* Work required
This task calls for every entry below to be repeated exactly, without the pictures.

* Provided data
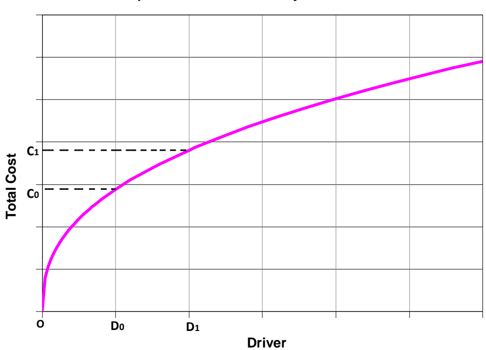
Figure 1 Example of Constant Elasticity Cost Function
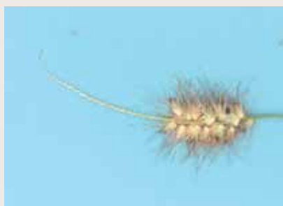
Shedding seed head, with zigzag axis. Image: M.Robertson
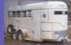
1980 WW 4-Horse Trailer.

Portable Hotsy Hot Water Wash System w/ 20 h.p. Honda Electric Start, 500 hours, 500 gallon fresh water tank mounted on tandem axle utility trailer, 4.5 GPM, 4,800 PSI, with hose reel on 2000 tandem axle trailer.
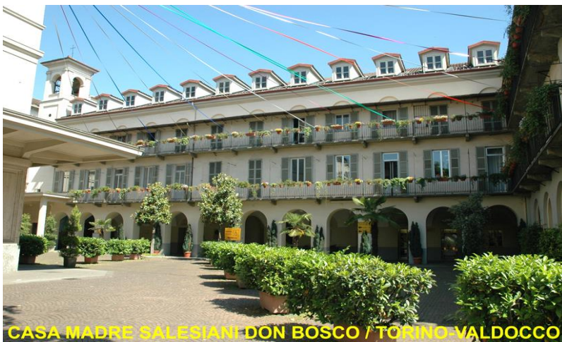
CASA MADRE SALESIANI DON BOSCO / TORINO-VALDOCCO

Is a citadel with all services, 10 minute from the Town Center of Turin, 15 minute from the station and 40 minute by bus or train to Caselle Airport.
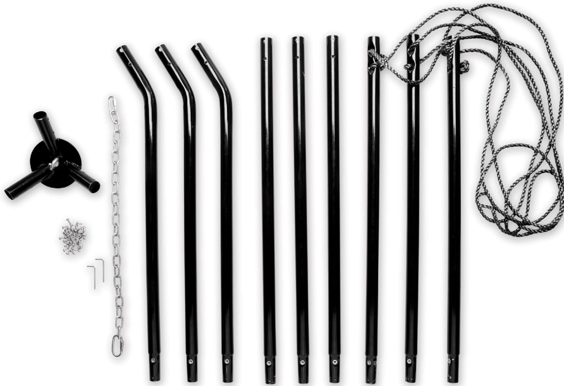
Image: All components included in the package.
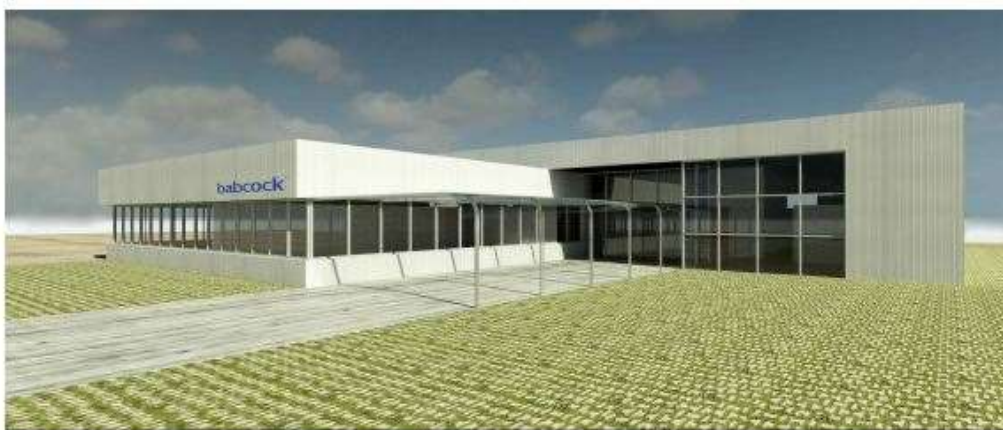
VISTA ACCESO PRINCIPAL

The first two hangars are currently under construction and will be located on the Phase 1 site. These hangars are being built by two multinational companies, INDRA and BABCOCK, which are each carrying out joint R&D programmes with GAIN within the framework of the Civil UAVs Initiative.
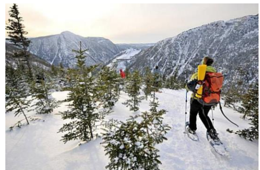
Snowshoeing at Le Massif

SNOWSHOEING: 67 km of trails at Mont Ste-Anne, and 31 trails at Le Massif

* Your solution
Figure 1 Example of Constant Elasticity Cost Function
Shedding seed head, with zigzag axis. Image: M.Robertson
1980 WW 4-Horse Trailer.

Portable Hotsy Hot Water Wash System w/ 20 h.p. Honda Electric Start, 500 hours, 500 gallon fresh water tank mounted on tandem axle utility trailer, 4.5 GPM, 4,800 PSI, with hose reel on 2000 tandem axle trailer.
CASA MADRE SALESIANI DON BOSCO / TORINO-VALDOCCO

Is a citadel with all services, 10 minute from the Town Center of Turin, 15 minute from the station and 40 minute by bus or train to Caselle Airport.
Image: All components included in the package.
VISTA ACCESO PRINCIPAL

The first two hangars are currently under construction and will be located on the Phase 1 site. These hangars are being built by two multinational companies, INDRA and BABCOCK, which are each carrying out joint R&D programmes with GAIN within the framework of the Civil UAVs Initiative.
Snowshoeing at Le Massif

SNOWSHOEING: 67 km of trails at Mont Ste-Anne, and 31 trails at Le Massif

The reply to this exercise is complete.